Items from a dataset:
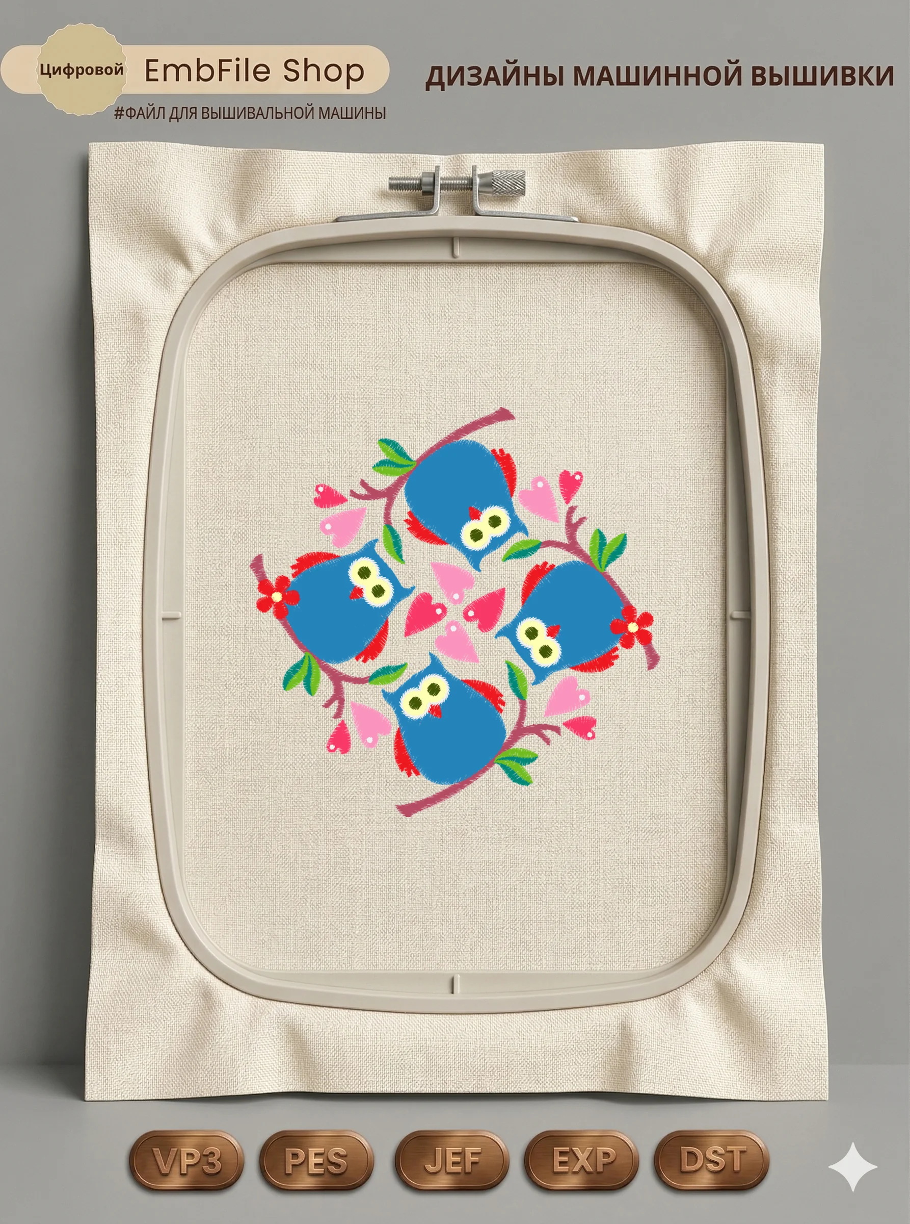 Это цифровой файл для вышивальной машины, а не физический товар (нашивка). Для работы с файлом вам необходимо иметь вышивальную машину и способ передачи файла на устройство (USB-флешка и т.д.).
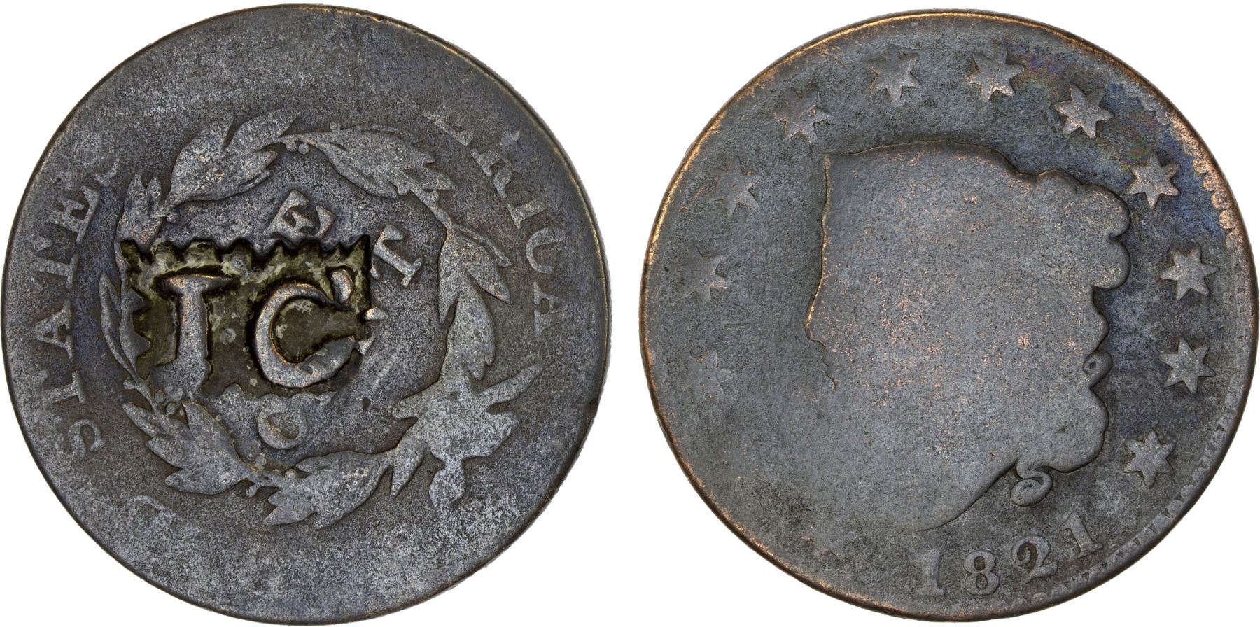 UNITED STATES: AE counterstamped cent, ND(1821), counterstamped J.C., Good.
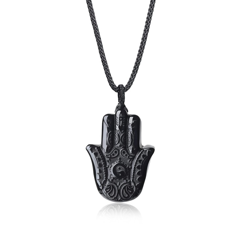 - This women's men's necklace is made with materials from black obsidian pendant to nylon cord, 1.46*1"(37*27mm) Black Obsidian Hamsa Hand Pendant
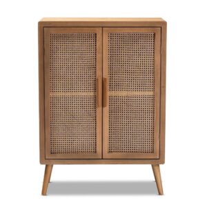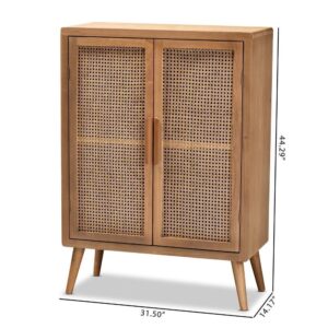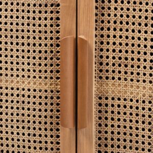 Cultivate a fresh, retro feel in any space with the Alina cabinet. This sturdy wood cabinet showcases a medium oak finish for a look that’s both warm and inviting. Two shelves, behind two doors, provide ample space to keep items organized and out of sight. Woven rattan adds a cool, bohemian vibe, while angled legs and long wooden handles lend mid-century charm. The Alina cabinet is made in China and requires assembly.
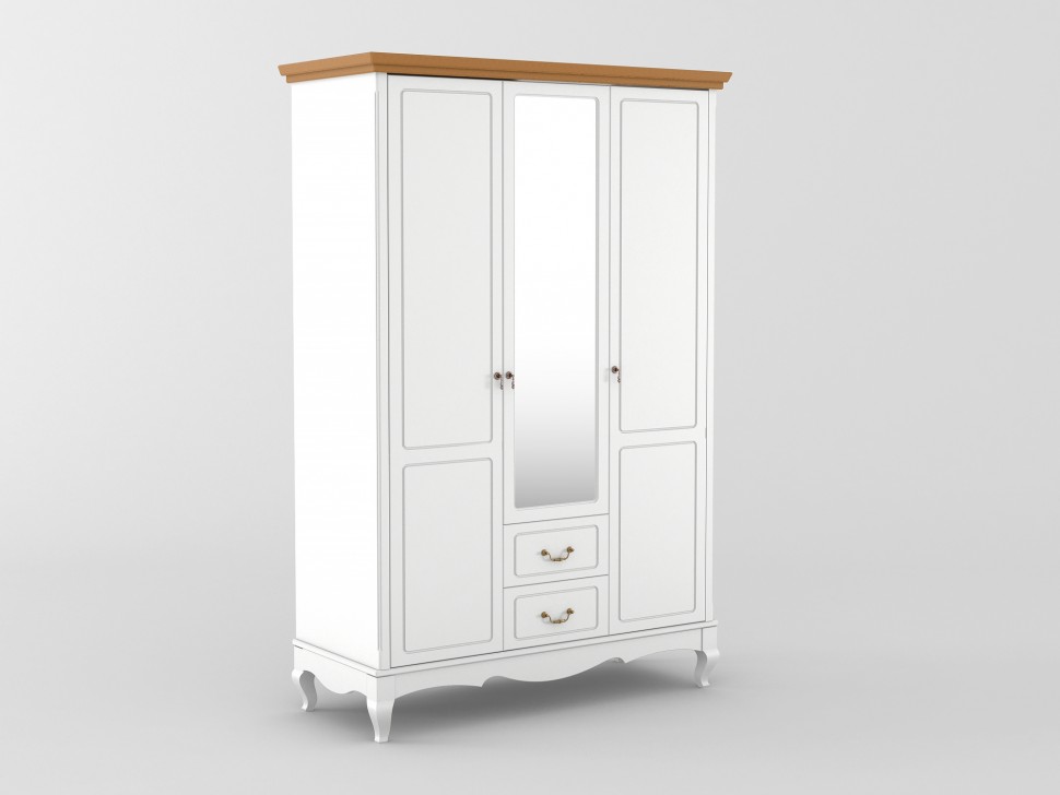 Шкаф Арредо 3-х створчатый изготовлен из бука+МДФ, в стиле прованс. В стандартной комплекации имеет 3 секции. В левой и правой секции - 4 бельевые полки, в центральной - штанга для вешалок и 2 выдвижных ящика. Петли Boyard без доводчиков. Направляющие на ящиках Boyard в базовой комплектации без доводчиков, установка доводчиков на ящики за дополнительную плату. Также возможно изготовление с декором и патенированным декором на фасаде. Ручки металлические (Турция). Возможно изготовление в нестандартном размере, подробности уточняйте у менеджеров.

> **Problem statement**
Reproduce the entries above exactly, though not their pictures.

> **Response**
 Это цифровой файл для вышивальной машины, а не физический товар (нашивка). Для работы с файлом вам необходимо иметь вышивальную машину и способ передачи файла на устройство (USB-флешка и т.д.).
 UNITED STATES: AE counterstamped cent, ND(1821), counterstamped J.C., Good.
 - This women's men's necklace is made with materials from black obsidian pendant to nylon cord, 1.46*1"(37*27mm) Black Obsidian Hamsa Hand Pendant
 Cultivate a fresh, retro feel in any space with the Alina cabinet. This sturdy wood cabinet showcases a medium oak finish for a look that’s both warm and inviting. Two shelves, behind two doors, provide ample space to keep items organized and out of sight. Woven rattan adds a cool, bohemian vibe, while angled legs and long wooden handles lend mid-century charm. The Alina cabinet is made in China and requires assembly.
 Шкаф Арредо 3-х створчатый изготовлен из бука+МДФ, в стиле прованс. В стандартной комплекации имеет 3 секции. В левой и правой секции - 4 бельевые полки, в центральной - штанга для вешалок и 2 выдвижных ящика. Петли Boyard без доводчиков. Направляющие на ящиках Boyard в базовой комплектации без доводчиков, установка доводчиков на ящики за дополнительную плату. Также возможно изготовление с декором и патенированным декором на фасаде. Ручки металлические (Турция). Возможно изготовление в нестандартном размере, подробности уточняйте у менеджеров.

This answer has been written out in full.